[Exercise description]: The expected output is the full data, repeated exactly, without pictures.

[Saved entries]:
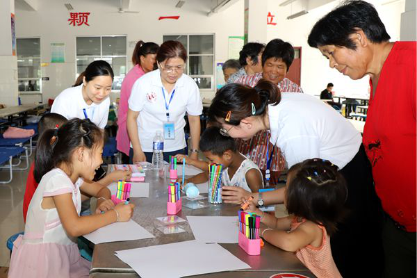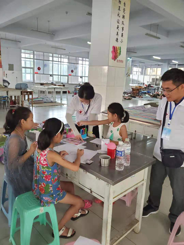 援助现场,心理援助团队跟参与寿光抗灾救灾与恢复重建协作平台负责人进行对接,了解了本次洪涝灾害的情况及特点,重点对在营里中小学校安置点里的老人、儿童、第二次受灾群众展开心理援助。大家为灾区儿童带去了彩色画笔、绘画纸、气球等物品,陪同孩子们画画、吹气球、做大风吹、小风吹等亲子游戏,现场不时传来孩子们童铃般的笑声,稚嫩的脸上露出天真的笑容。心理援助人员还分别跟老年人聊天,了解他们的想法,倾听他们的心声,根据每个人的心理特点开展针对性的心理抚慰,同时,还为灾民发放了灾后亲子心理自助手册和灾后公众心理自助手册,通过各种方式解除灾民的心理忧虑。
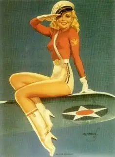Когда началась Вторая Мировая, пин ап снова был призван на службу. Солдату было воевать проще за свою офигительную девушку, которая ждала его дома. А пока-призывно смотрела с обложки журнала. Эти обложки, вырезанные картинки, мутные фото-все это было приклеено на крышке его сундука. Воевали за Родину, конечно. Но родиной была белозубая пухлогубая красотка.
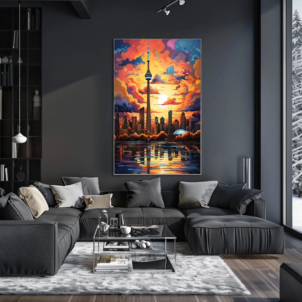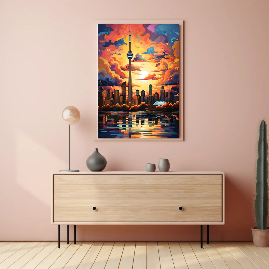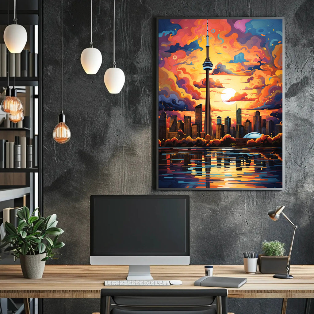 Why choose this poster? Its cinematic sunset palette and stylized, almost tactile brush-like forms make it more than decor — it’s a conversation piece and a daily reminder of Toronto’s energy and charm.
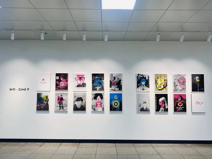 ‘Anti – Covid 19, 디자인(2학년 16명)’은 명화 속 장면들을 사회적 거리두기, 마스크를 쓴 여인 등으로 표현했으며, ‘희망을 띄우다, 서양화(2학년 25명)’은 애니메이션 라푼젤 속 한 장면을 통해 희망의 등불을 밝힌다.
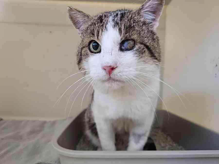 Bei eisigen Minusgraden wurde Mr. Mistoffelees hungernd und völlig entkräftet auf der Straße gefunden. Der alte Kater hatte Eiter, der aus seiner Nase rann, sein Körper war übersät mit Spuren unzähliger Kämpfe ums Überleben. Sein linkes Auge ist schwer beschädigt, er war dehydriert, ausgezehrt und bis auf die Knochen abgemagert.
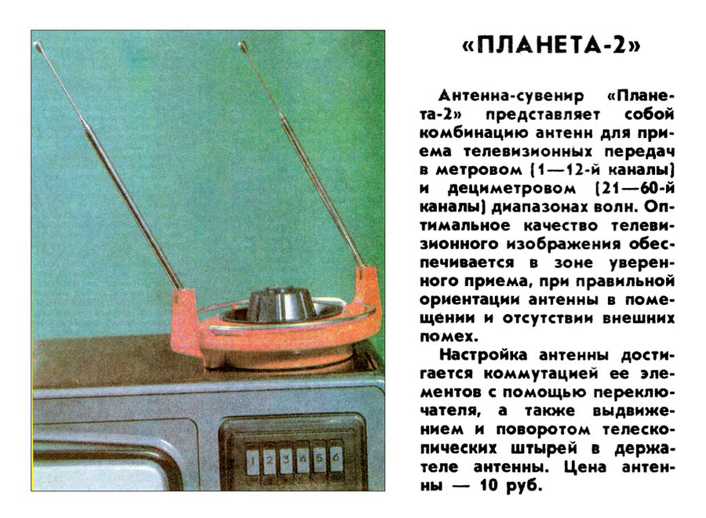 Телевизионная антенна *Панета-2* выпускалась предположительно с 1988 года. Предназначена для приёма ТВ сигналов в МВ и ДМВ диапазонах.
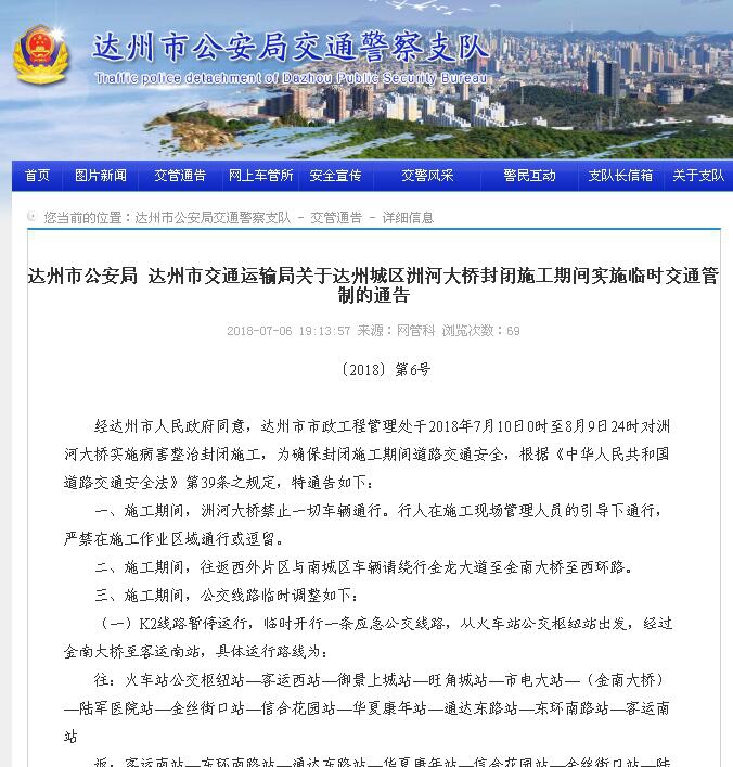 經(jīng)達(dá)州市人民政府同意,達(dá)州市市政工程管理處于2018年7月10日0時(shí)至8月9日24時(shí)對洲河大橋?qū)嵤┎『φ畏忾]施工,為確保封閉施工期間道路交通安全,根據(jù)《中華人民共和國道路交通安全法》第39條之規(guī)定,特通告如下:
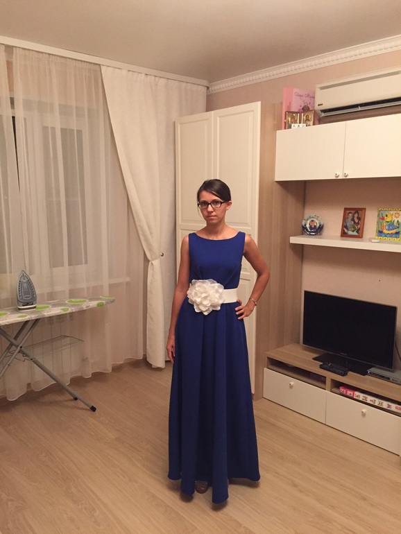 Изначально к платью идет пояс-лента в цвет платья(последнее фото более точно передает цвет), но с ним мне показалось скучновато. Как вам с цветком? И как лучше распущеные локоны и высокая прическа? Если высокая то длинные серьги, а какие? Белые? Синие? Браслет на руку нужен? Еще какие то украшения?
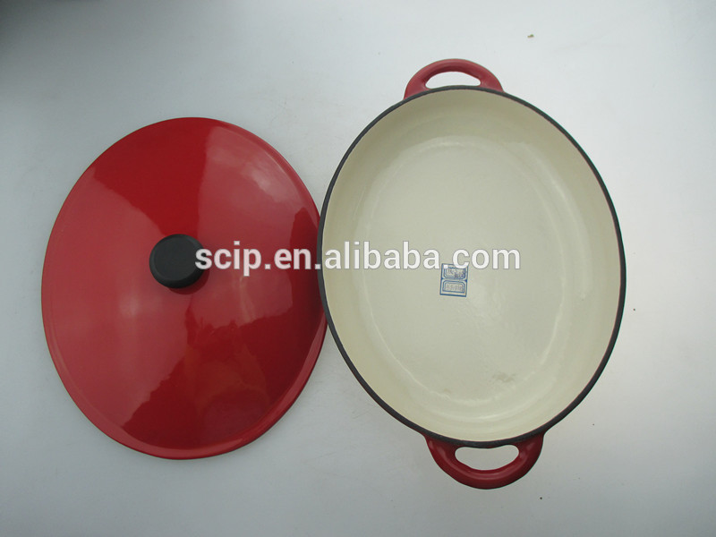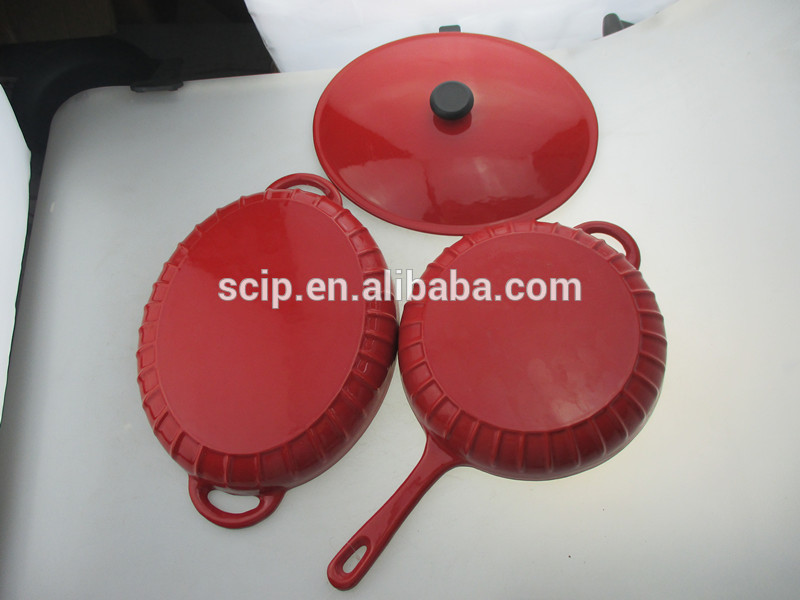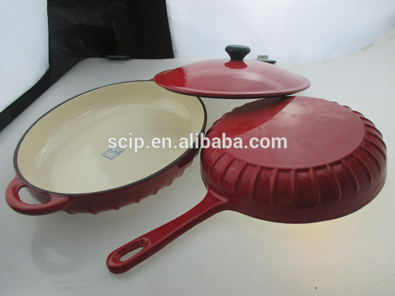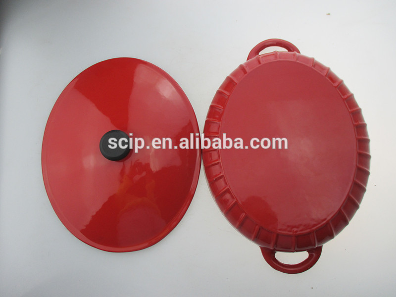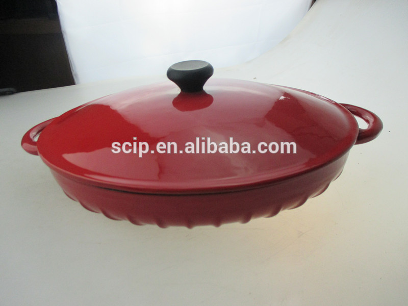 cast iron shallow casserole pot, enamel iron cookware set, iron flat dishes with lid
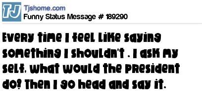 X is Every time I feel like saying something I shouldn't . I ask my self, what would the president do? Then I go head and say it.

[Response for this exercise]:
 援助现场,心理援助团队跟参与寿光抗灾救灾与恢复重建协作平台负责人进行对接,了解了本次洪涝灾害的情况及特点,重点对在营里中小学校安置点里的老人、儿童、第二次受灾群众展开心理援助。大家为灾区儿童带去了彩色画笔、绘画纸、气球等物品,陪同孩子们画画、吹气球、做大风吹、小风吹等亲子游戏,现场不时传来孩子们童铃般的笑声,稚嫩的脸上露出天真的笑容。心理援助人员还分别跟老年人聊天,了解他们的想法,倾听他们的心声,根据每个人的心理特点开展针对性的心理抚慰,同时,还为灾民发放了灾后亲子心理自助手册和灾后公众心理自助手册,通过各种方式解除灾民的心理忧虑。
Когда началась Вторая Мировая, пин ап снова был призван на службу. Солдату было воевать проще за свою офигительную девушку, которая ждала его дома. А пока-призывно смотрела с обложки журнала. Эти обложки, вырезанные картинки, мутные фото-все это было приклеено на крышке его сундука. Воевали за Родину, конечно. Но родиной была белозубая пухлогубая красотка.
 Why choose this poster? Its cinematic sunset palette and stylized, almost tactile brush-like forms make it more than decor — it’s a conversation piece and a daily reminder of Toronto’s energy and charm.
 ‘Anti – Covid 19, 디자인(2학년 16명)’은 명화 속 장면들을 사회적 거리두기, 마스크를 쓴 여인 등으로 표현했으며, ‘희망을 띄우다, 서양화(2학년 25명)’은 애니메이션 라푼젤 속 한 장면을 통해 희망의 등불을 밝힌다.
 Bei eisigen Minusgraden wurde Mr. Mistoffelees hungernd und völlig entkräftet auf der Straße gefunden. Der alte Kater hatte Eiter, der aus seiner Nase rann, sein Körper war übersät mit Spuren unzähliger Kämpfe ums Überleben. Sein linkes Auge ist schwer beschädigt, er war dehydriert, ausgezehrt und bis auf die Knochen abgemagert.
 Телевизионная антенна *Панета-2* выпускалась предположительно с 1988 года. Предназначена для приёма ТВ сигналов в МВ и ДМВ диапазонах.
 經(jīng)達(dá)州市人民政府同意,達(dá)州市市政工程管理處于2018年7月10日0時(shí)至8月9日24時(shí)對洲河大橋?qū)嵤┎『φ畏忾]施工,為確保封閉施工期間道路交通安全,根據(jù)《中華人民共和國道路交通安全法》第39條之規(guī)定,特通告如下:
 Изначально к платью идет пояс-лента в цвет платья(последнее фото более точно передает цвет), но с ним мне показалось скучновато. Как вам с цветком? И как лучше распущеные локоны и высокая прическа? Если высокая то длинные серьги, а какие? Белые? Синие? Браслет на руку нужен? Еще какие то украшения?
 cast iron shallow casserole pot, enamel iron cookware set, iron flat dishes with lid
 X is Every time I feel like saying something I shouldn't . I ask my self, what would the president do? Then I go head and say it.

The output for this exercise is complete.